We had a successful, free, and fair election in the middle of a pandemic with some leaders who tried to undermine its legitimacy before voting even began and has since embarked on a string of dozens of failed legal challenges to overturn the outcome. These attempts to undermine our democracy failed. The electoral votes have been cast. Institutions at the state level, even if not the federal one, held firm in refusing to alter the outcome even when they favored the president. That’s not nothing. That’s everything.
Biggest voter turnout in a century.
Excitingly, in the middle of a pandemic, more people voted in this November’s election than have ever voted before. Thanks to mail-in balloting, we had the largest voter turnout since 1920, a level of mass engagement in public life and civic responsibility that we’d all long ago written off as a thing of the past. We’ve seen firsthand what happens when voting is more accessible, and there’s no going back.

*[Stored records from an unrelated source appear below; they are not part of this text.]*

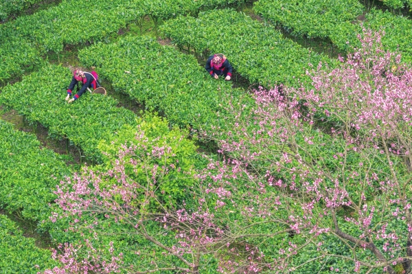 3月24日,宜章县莽山瑶族乡永安村茶园,村民正忙着采摘春茶。近年来,当地依托良好生态资源发展茶产业,有效促进农民增收。
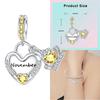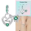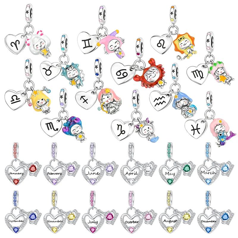 Copper 12 Months Birthstone Heart-Shaped Beads Charms Fit Original Bracelet Charm Beads Necklace Diy Female Jewelry
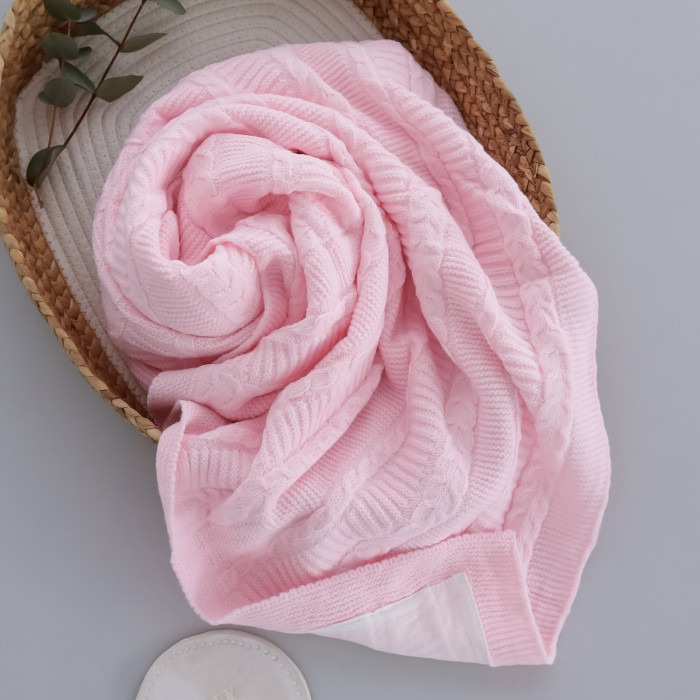 Вʼязаний плед демісезонний з підкладкою Рожевий косичка 90/80
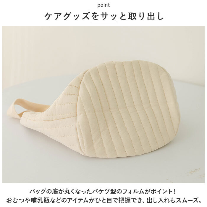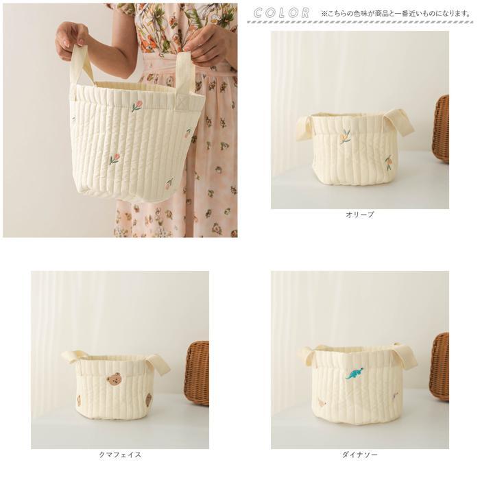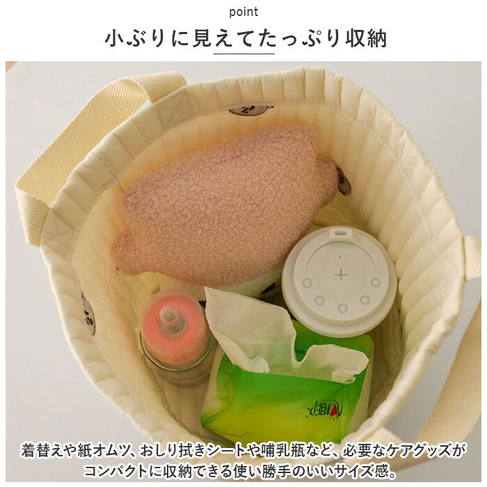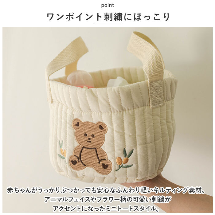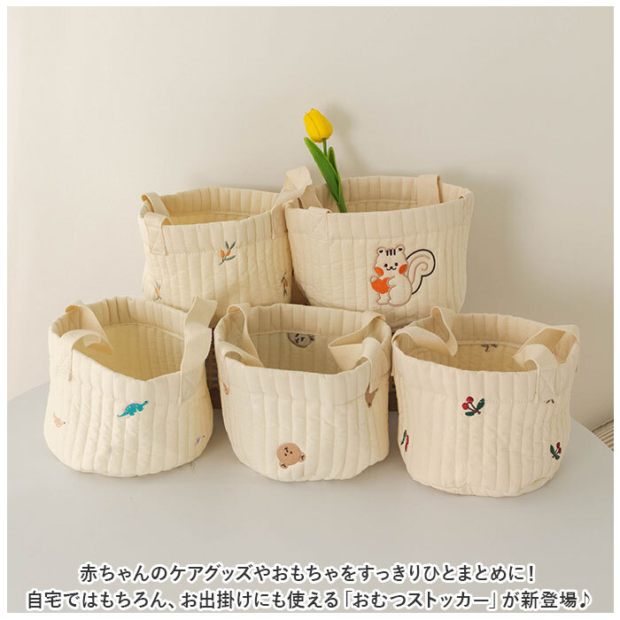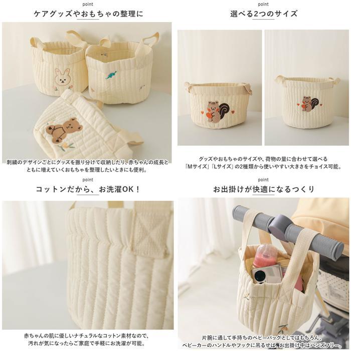 | 商品説明 | ・・赤ちゃんのケアグッズやおもちゃをすっきりひとまとめに!自宅ではもちろん、お出掛けにも使える「おむつストッカー」が新登場♪ ・【ワンポイント刺繍にほっこり】 ・赤ちゃんがうっかりぶつかっても安心なふんわり軽いキルティング素材。アニマルフェイスやフラワー柄の可愛い刺繍がアクセントになったミニトートスタイル。 ・【ケアグッズをサッと取り出し】 ・バッグの底が丸くなったバケツ型のフォルムがポイント!おむつや哺乳瓶などのアイテムがひと目で把握でき、出し入れもスムーズ。 ・【小ぶりに見えてたっぷり収納】 ・着替えや紙オムツ、おしり拭きシートや哺乳瓶など、必要なケアグッズがコンパクトに収納できる使い勝手のいいサイズ感。 ・【ケアグッズやおもちゃの整理に】 ・刺繍のデザインごとにグッズを振り分けて収納したり、赤ちゃんの成長とともに増えていくおもちゃを整理したいときにも便利。 ・【選べる2つのサイズ】 ・グッズやおもちゃのサイズや、荷物の量に合わせて選べる「Mサイズ」「Lサイズ」の2種類から使いやすい大きさをチョイス可能。 ・【コットンだから、お洗濯OK!】 ・赤ちゃんの肌に優しいナチュラルなコットン素材なので、汚れが気になったらご家庭で手軽にお洗濯が可能。 ・【お出掛けが快適になるつくり】 ・片腕に通して手持ちのベビーバッグとしてはもちろん、ベビーカーのハンドルやフックに吊るせば、お出掛け中はハンズフリー。 |

LGBT rights scored an unexpected win at SCOTUS.
Despite a conservative majority, the US Supreme Court ruled that Title VII protections against sex discrimination do, in fact, apply to gay and transgender people, making nationwide a patchwork of state enforcement and giving LGBT Americans some much-needed breathing room.
We found each other.
Sure, it was over Zoom, but we stayed connected with the people we love as best we could. Through all the darkness, we found ways to celebrate weddings, graduations, birthdays, and holidays, even if it was over a computer screen.
Yet again, life went on.
The sun did still rise and set. People got married. Babies were born. Friendships were made. Thanksgiving turkeys were eaten. We watched movies, played games, cooked, cleaned, scrubbed our hands till they were red, redecorated, and learned to knit, to cook, to draw, to play the piano. That is the stuff of life. And if you’re reading this, you’re still here, too.